Around mile 18, the section along the Mississippi River I saw a 40′s master runner I know from California moving slowly along the side of the road holding his hamstring. I yelled out, “Hector!, come on man!” and he said something about it locking up. Hector placed second OA at the Big Bear Marathon in September and I know he’s one tough runner and it was a bummer to see him apparently out of the race.
16 6′ 21 154
17 6′ 17 153
18 6′ 26 151
19 6′ 23 152
20 6′ 25 153
The drift on the times and on my HR continued. I ran with an elite woman for a while and she joked that she was glad she had done a long run in the rain but it wasn’t nearly as cold as this. I said something to the effect of just wanting to get to the finish line as quickly as possible and she agreed. I kept repeating the quote from Roger Bannister’s coach to myself, “It’s only pain” and that helped to put things in perspective. I could tough this out and finish if I put my mind to it. I wasn’t going to kill myself in the process or do any permanent damage it was just uncomfortable as heck and then it would be over.
At the same time I was being extra careful to spot cracks in the road or anywhere else that required foot flexibility since I couldn’t feel the road.
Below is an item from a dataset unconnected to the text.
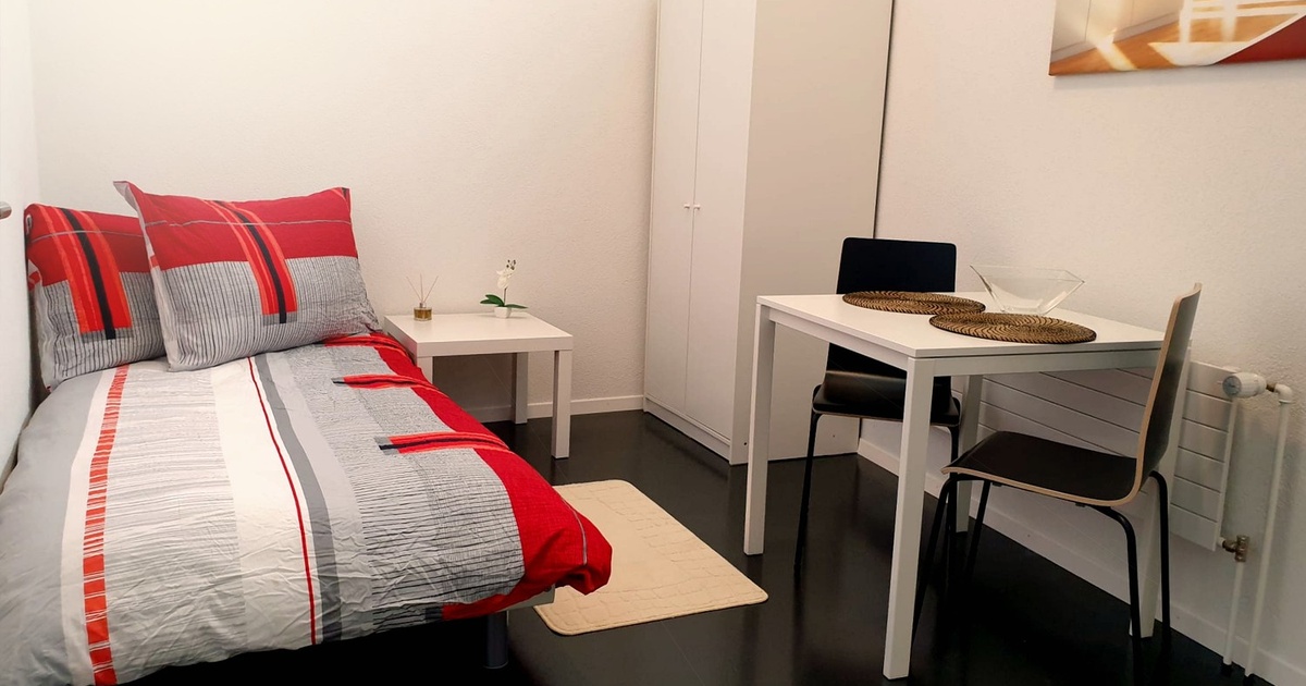 English text bellow Wir bieten Ihnen ein gepflegtes möbliertes Zimmer in Kollbrunn an. Das Zimmer ist hell und modern eingerichtet, mit einem bequemen Bett, einem Tisch mit Stuhl, einem grossen Kleiderschrank, Lampen, einem Regal und einem LCD-TV. Sie erhalten zudem kostenloses WLAN. Alle Nebenkosten, einschliesslich Strom, Wasser und Heizung, sind in der Miete enthalten. Sie besitzen ein eigenes Badezimmer. Zusätzlich stellen wir Ihnen eine Mikrowelle und einen kleinen Kühlschrank im Zimmer zur Verfügung! Wir verlangen keinen Betreibungsauszug und keine Arbeitgeberbescheinigung. Gerne können Sie das Zimmer persönlich besichtigen. Wir freuen uns auf Ihre Anfrage. Bitte beachten Sie, dass es sich bei den bereitgestellten Bildern um Beispielbilder handelt. English We offer you a well-maintained furnished room in Kollbrunn. The room is bright and modern, with a comfortable bed, a table and chair, a large closet, lamps, a shelf and an LCD TV. You will also receive free WLAN. All utilities, including electricity, water and heating, are included in the rent. You have your own bathroom. We also provide you with a microwave and a small fridge in your room! We do not require a debt enforcement extract or employer's certificate. You are welcome to view the room in person. We look forward to your inquiry. Please note that the pictures provided are examples.

Psychologically it felt great to head over the bridge at 19 and the rain had let up. At 20 we were treated to a short hill and it actually felt good to grind up it and generate a little heat.
21 6′ 30 153
22 6′ 50 154
23 6′ 45 155
24 6′ 33 156
25 6′ 42 156
Summit was a long straight stretch and included the most significant uphill grade of the course. I just tried to keep the turnover as high as I could muster and not lose much more time. I could see sub 2:45 slipping away but told myself not to give up and stay focused. I still had a chance to win this thing and the best strategy was just to keep pouring it on .. don’t let up.
Finally saw the Target Tunnel at less than a mile to go and attempted to pick up the pace. I must have got a shot of adrenaline after seeing the cathedral and in the last .4 miles I recorded a 6:11 and my HR finally got above 160 again. My vision started to blur and I could barely see the clock on the final stretch but I crossed the line and slowed to a walk and the world started slowing down again.
26 6′ 47 156
end 6′ 11 167
chip time: 2:46:43 (5 second PR)
overall: 92 out of 7969
division: 1 out of 472
20 mile: 2:04:58
Ran into the twins while being escorted to the elite tent and was floored and overjoyed with their amazing PR’s given the course conditions. Their efforts were super human and inspiring beyond comprehension. As they excused themselves to get to the med tent I ducked into the heated elite tent and drank a few cups of hot broth to bring up the core temps. I ran into the guy from New York and he said he dropped out at mile 11 from uncontrollable shivering. He had experienced something similar in below freezing conditions once and knew he couldn’t pull himself out of it.
My DW found me in the tent and I got a quick message and talked with some of the other runners. Everyone I talked to said they were affected by the cold wind and rain and dropped time out there. Hector was able to finish in 2:53 on a bad hamstring which proves that he’s one tough runner.
Got a ride back to the hospitality suite for pizza and beer. Then borrowed Hectors room to take an ice bath. A quick taxi ride over to the FE gathering spot and had the great pleasure of meeting all the formites, family and friends who made it out to run or spectate on an epic day.